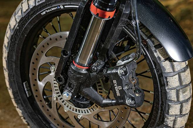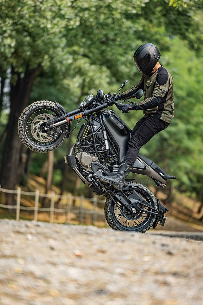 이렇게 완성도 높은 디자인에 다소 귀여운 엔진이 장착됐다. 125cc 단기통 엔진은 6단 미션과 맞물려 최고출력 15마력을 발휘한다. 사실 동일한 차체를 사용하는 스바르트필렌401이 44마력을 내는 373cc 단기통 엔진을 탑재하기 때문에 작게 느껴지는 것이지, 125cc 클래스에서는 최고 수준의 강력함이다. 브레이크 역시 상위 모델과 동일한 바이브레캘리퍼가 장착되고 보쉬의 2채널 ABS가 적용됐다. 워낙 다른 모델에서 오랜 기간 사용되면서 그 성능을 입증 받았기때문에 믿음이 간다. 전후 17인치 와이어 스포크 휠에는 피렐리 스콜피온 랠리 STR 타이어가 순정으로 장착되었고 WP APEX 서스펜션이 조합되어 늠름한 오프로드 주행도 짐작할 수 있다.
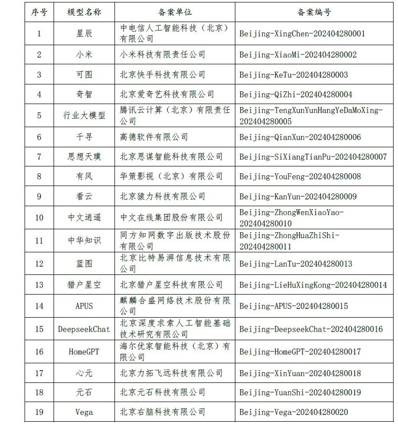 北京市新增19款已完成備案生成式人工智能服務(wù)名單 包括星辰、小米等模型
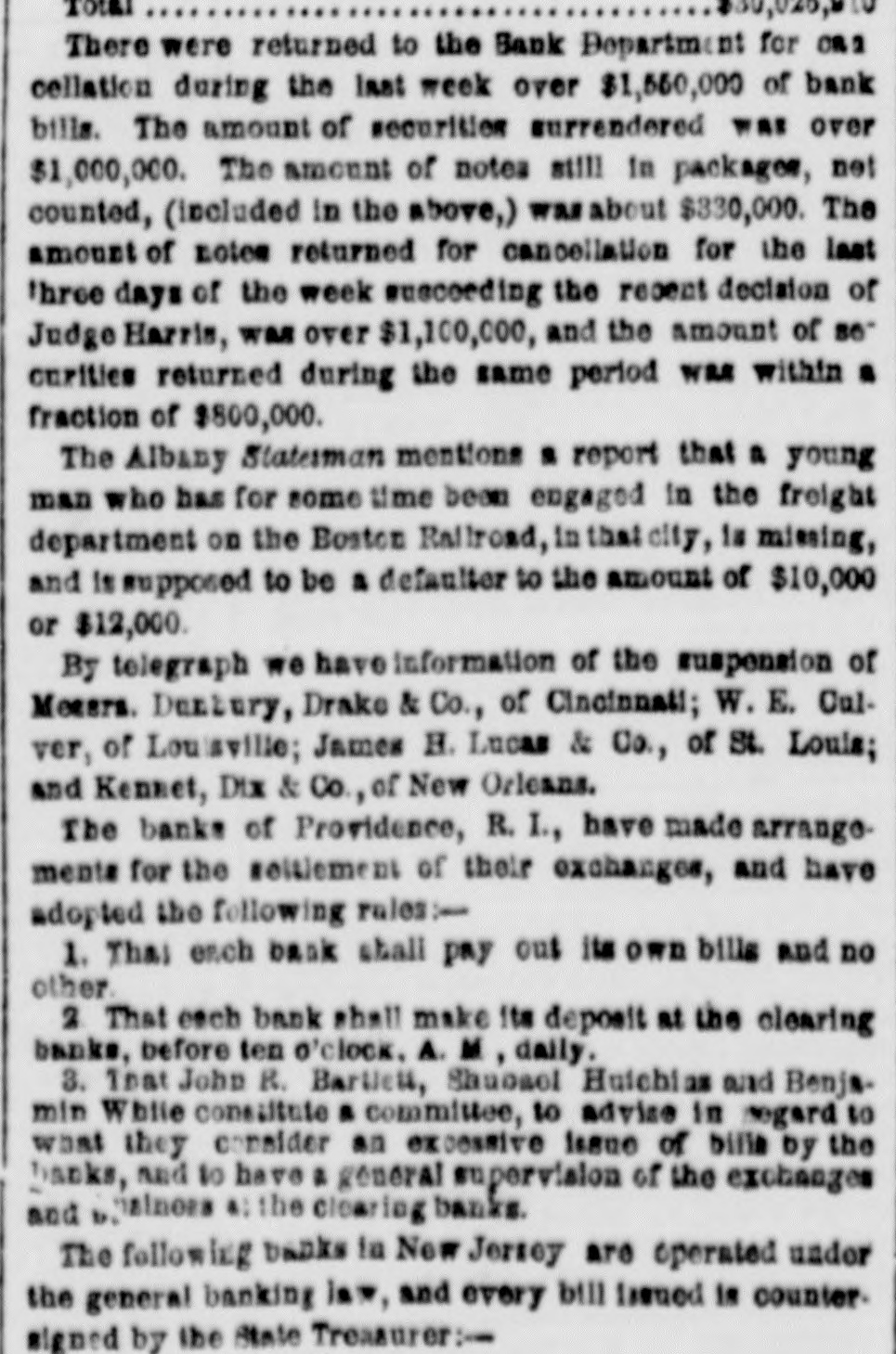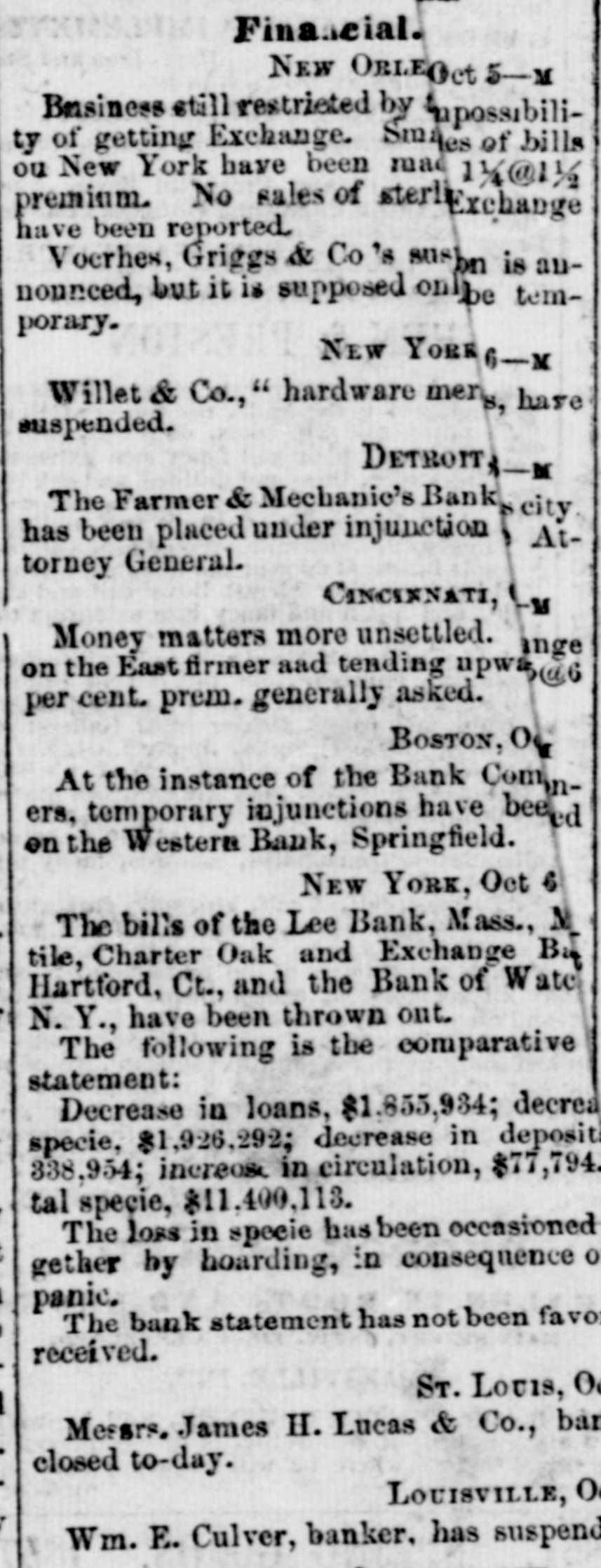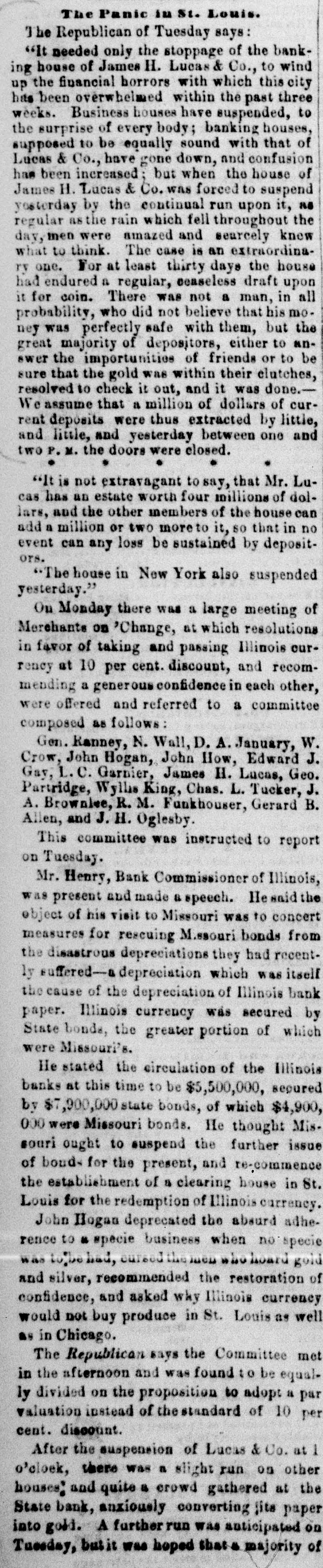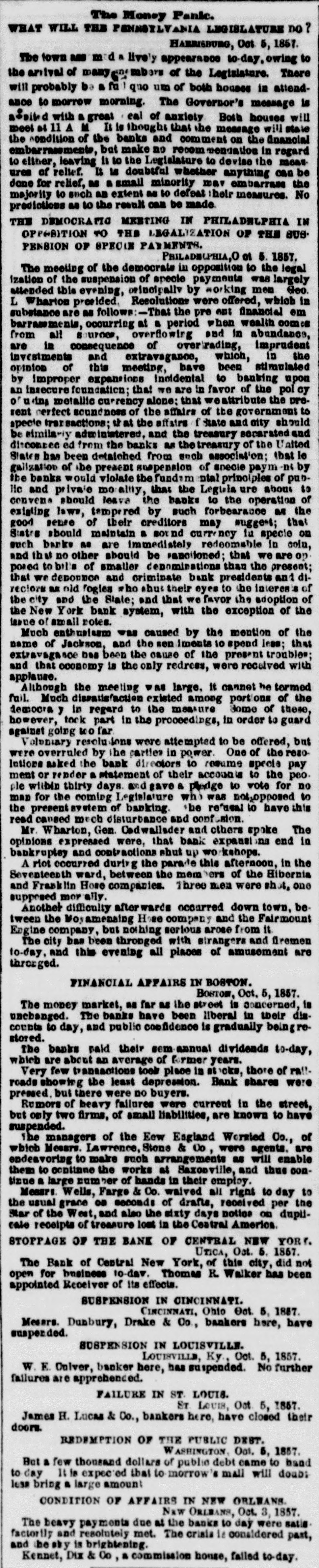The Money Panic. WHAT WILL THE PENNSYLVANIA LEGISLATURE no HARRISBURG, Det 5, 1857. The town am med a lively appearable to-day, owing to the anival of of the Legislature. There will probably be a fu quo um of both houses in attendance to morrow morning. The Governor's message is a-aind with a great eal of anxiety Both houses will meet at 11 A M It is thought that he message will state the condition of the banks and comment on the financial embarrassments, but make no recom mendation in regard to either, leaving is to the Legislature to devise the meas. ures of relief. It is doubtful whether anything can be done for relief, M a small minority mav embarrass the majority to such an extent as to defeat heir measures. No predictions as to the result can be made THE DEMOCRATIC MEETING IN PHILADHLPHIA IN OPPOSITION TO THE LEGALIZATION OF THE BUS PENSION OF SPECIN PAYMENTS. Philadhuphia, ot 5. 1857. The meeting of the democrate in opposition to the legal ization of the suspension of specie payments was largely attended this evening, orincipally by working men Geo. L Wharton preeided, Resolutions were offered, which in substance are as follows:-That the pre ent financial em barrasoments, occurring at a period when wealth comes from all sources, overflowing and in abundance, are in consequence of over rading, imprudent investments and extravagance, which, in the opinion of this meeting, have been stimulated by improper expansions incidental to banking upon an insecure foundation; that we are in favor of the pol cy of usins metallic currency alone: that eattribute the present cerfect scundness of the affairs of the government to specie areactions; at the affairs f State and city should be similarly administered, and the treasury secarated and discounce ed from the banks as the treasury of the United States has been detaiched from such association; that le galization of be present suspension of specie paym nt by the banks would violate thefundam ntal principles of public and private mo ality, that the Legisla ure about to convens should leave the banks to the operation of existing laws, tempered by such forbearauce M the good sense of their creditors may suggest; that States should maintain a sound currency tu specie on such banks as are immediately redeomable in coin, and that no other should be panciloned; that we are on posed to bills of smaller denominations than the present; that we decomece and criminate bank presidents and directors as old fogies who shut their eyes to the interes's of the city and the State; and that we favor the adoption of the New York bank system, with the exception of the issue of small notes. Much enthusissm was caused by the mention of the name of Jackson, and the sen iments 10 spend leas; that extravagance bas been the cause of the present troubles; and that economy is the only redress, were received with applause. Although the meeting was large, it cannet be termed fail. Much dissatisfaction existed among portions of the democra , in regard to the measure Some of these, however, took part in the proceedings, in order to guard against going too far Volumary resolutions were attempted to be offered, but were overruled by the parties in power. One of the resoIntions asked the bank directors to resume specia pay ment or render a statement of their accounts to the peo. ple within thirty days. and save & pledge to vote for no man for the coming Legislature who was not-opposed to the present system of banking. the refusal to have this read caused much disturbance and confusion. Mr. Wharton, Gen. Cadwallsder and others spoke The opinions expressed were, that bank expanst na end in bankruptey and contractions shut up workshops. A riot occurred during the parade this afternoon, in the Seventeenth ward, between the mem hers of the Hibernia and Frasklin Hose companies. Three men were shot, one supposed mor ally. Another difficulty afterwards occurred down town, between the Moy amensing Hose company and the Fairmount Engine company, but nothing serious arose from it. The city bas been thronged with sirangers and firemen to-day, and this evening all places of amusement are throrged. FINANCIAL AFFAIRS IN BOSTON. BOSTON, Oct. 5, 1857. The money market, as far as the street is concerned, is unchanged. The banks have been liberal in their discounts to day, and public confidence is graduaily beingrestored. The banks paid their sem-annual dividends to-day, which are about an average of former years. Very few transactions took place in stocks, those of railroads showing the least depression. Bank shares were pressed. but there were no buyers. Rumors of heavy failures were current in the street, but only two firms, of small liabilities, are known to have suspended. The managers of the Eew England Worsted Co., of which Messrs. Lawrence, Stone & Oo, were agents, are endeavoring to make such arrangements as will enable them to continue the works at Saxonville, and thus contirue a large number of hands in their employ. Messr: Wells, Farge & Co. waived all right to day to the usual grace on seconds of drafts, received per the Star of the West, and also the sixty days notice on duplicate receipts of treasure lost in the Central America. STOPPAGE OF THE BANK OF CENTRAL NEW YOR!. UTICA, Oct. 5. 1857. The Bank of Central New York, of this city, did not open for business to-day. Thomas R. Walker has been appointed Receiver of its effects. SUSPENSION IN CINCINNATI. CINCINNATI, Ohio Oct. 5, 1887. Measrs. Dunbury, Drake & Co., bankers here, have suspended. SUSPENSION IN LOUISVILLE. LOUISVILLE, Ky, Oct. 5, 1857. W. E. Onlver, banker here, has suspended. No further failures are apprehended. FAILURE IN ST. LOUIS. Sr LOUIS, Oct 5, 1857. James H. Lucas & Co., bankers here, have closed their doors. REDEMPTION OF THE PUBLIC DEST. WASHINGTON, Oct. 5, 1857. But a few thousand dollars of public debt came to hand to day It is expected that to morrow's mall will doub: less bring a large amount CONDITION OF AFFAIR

-----

The complete listing must be transcribed verbatim, and all pictures are to be omitted.

▶ _OUTPUT BELOW_
 이렇게 완성도 높은 디자인에 다소 귀여운 엔진이 장착됐다. 125cc 단기통 엔진은 6단 미션과 맞물려 최고출력 15마력을 발휘한다. 사실 동일한 차체를 사용하는 스바르트필렌401이 44마력을 내는 373cc 단기통 엔진을 탑재하기 때문에 작게 느껴지는 것이지, 125cc 클래스에서는 최고 수준의 강력함이다. 브레이크 역시 상위 모델과 동일한 바이브레캘리퍼가 장착되고 보쉬의 2채널 ABS가 적용됐다. 워낙 다른 모델에서 오랜 기간 사용되면서 그 성능을 입증 받았기때문에 믿음이 간다. 전후 17인치 와이어 스포크 휠에는 피렐리 스콜피온 랠리 STR 타이어가 순정으로 장착되었고 WP APEX 서스펜션이 조합되어 늠름한 오프로드 주행도 짐작할 수 있다.
 北京市新增19款已完成備案生成式人工智能服務(wù)名單 包括星辰、小米等模型
The Money Panic. WHAT WILL THE PENNSYLVANIA LEGISLATURE no HARRISBURG, Det 5, 1857. The town am med a lively appearable to-day, owing to the anival of of the Legislature. There will probably be a fu quo um of both houses in attendance to morrow morning. The Governor's message is a-aind with a great eal of anxiety Both houses will meet at 11 A M It is thought that he message will state the condition of the banks and comment on the financial embarrassments, but make no recom mendation in regard to either, leaving is to the Legislature to devise the meas. ures of relief. It is doubtful whether anything can be done for relief, M a small minority mav embarrass the majority to such an extent as to defeat heir measures. No predictions as to the result can be made THE DEMOCRATIC MEETING IN PHILADHLPHIA IN OPPOSITION TO THE LEGALIZATION OF THE BUS PENSION OF SPECIN PAYMENTS. Philadhuphia, ot 5. 1857. The meeting of the democrate in opposition to the legal ization of the suspension of specie payments was largely attended this evening, orincipally by working men Geo. L Wharton preeided, Resolutions were offered, which in substance are as follows:-That the pre ent financial em barrasoments, occurring at a period when wealth comes from all sources, overflowing and in abundance, are in consequence of over rading, imprudent investments and extravagance, which, in the opinion of this meeting, have been stimulated by improper expansions incidental to banking upon an insecure foundation; that we are in favor of the pol cy of usins metallic currency alone: that eattribute the present cerfect scundness of the affairs of the government to specie areactions; at the affairs f State and city should be similarly administered, and the treasury secarated and discounce ed from the banks as the treasury of the United States has been detaiched from such association; that le galization of be present suspension of specie paym nt by the banks would violate thefundam ntal principles of public and private mo ality, that the Legisla ure about to convens should leave the banks to the operation of existing laws, tempered by such forbearauce M the good sense of their creditors may suggest; that States should maintain a sound currency tu specie on such banks as are immediately redeomable in coin, and that no other should be panciloned; that we are on posed to bills of smaller denominations than the present; that we decomece and criminate bank presidents and directors as old fogies who shut their eyes to the interes's of the city and the State; and that we favor the adoption of the New York bank system, with the exception of the issue of small notes. Much enthusissm was caused by the mention of the name of Jackson, and the sen iments 10 spend leas; that extravagance bas been the cause of the present troubles; and that economy is the only redress, were received with applause. Although the meeting was large, it cannet be termed fail. Much dissatisfaction existed among portions of the democra , in regard to the measure Some of these, however, took part in the proceedings, in order to guard against going too far Volumary resolutions were attempted to be offered, but were overruled by the parties in power. One of the resoIntions asked the bank directors to resume specia pay ment or render a statement of their accounts to the peo. ple within thirty days. and save & pledge to vote for no man for the coming Legislature who was not-opposed to the present system of banking. the refusal to have this read caused much disturbance and confusion. Mr. Wharton, Gen. Cadwallsder and others spoke The opinions expressed were, that bank expanst na end in bankruptey and contractions shut up workshops. A riot occurred during the parade this afternoon, in the Seventeenth ward, between the mem hers of the Hibernia and Frasklin Hose companies. Three men were shot, one supposed mor ally. Another difficulty afterwards occurred down town, between the Moy amensing Hose company and the Fairmount Engine company, but nothing serious arose from it. The city bas been thronged with sirangers and firemen to-day, and this evening all places of amusement are throrged. FINANCIAL AFFAIRS IN BOSTON. BOSTON, Oct. 5, 1857. The money market, as far as the street is concerned, is unchanged. The banks have been liberal in their discounts to day, and public confidence is graduaily beingrestored. The banks paid their sem-annual dividends to-day, which are about an average of former years. Very few transactions took place in stocks, those of railroads showing the least depression. Bank shares were pressed. but there were no buyers. Rumors of heavy failures were current in the street, but only two firms, of small liabilities, are known to have suspended. The managers of the Eew England Worsted Co., of which Messrs. Lawrence, Stone & Oo, were agents, are endeavoring to make such arrangements as will enable them to continue the works at Saxonville, and thus contirue a large number of hands in their employ. Messr: Wells, Farge & Co. waived all right to day to the usual grace on seconds of drafts, received per the Star of the West, and also the sixty days notice on duplicate receipts of treasure lost in the Central America. STOPPAGE OF THE BANK OF CENTRAL NEW YOR!. UTICA, Oct. 5. 1857. The Bank of Central New York, of this city, did not open for business to-day. Thomas R. Walker has been appointed Receiver of its effects. SUSPENSION IN CINCINNATI. CINCINNATI, Ohio Oct. 5, 1887. Measrs. Dunbury, Drake & Co., bankers here, have suspended. SUSPENSION IN LOUISVILLE. LOUISVILLE, Ky, Oct. 5, 1857. W. E. Onlver, banker here, has suspended. No further failures are apprehended. FAILURE IN ST. LOUIS. Sr LOUIS, Oct 5, 1857. James H. Lucas & Co., bankers here, have closed their doors. REDEMPTION OF THE PUBLIC DEST. WASHINGTON, Oct. 5, 1857. But a few thousand dollars of public debt came to hand to day It is expected that to morrow's mall will doub: less bring a large amount CONDITION OF AFFAIR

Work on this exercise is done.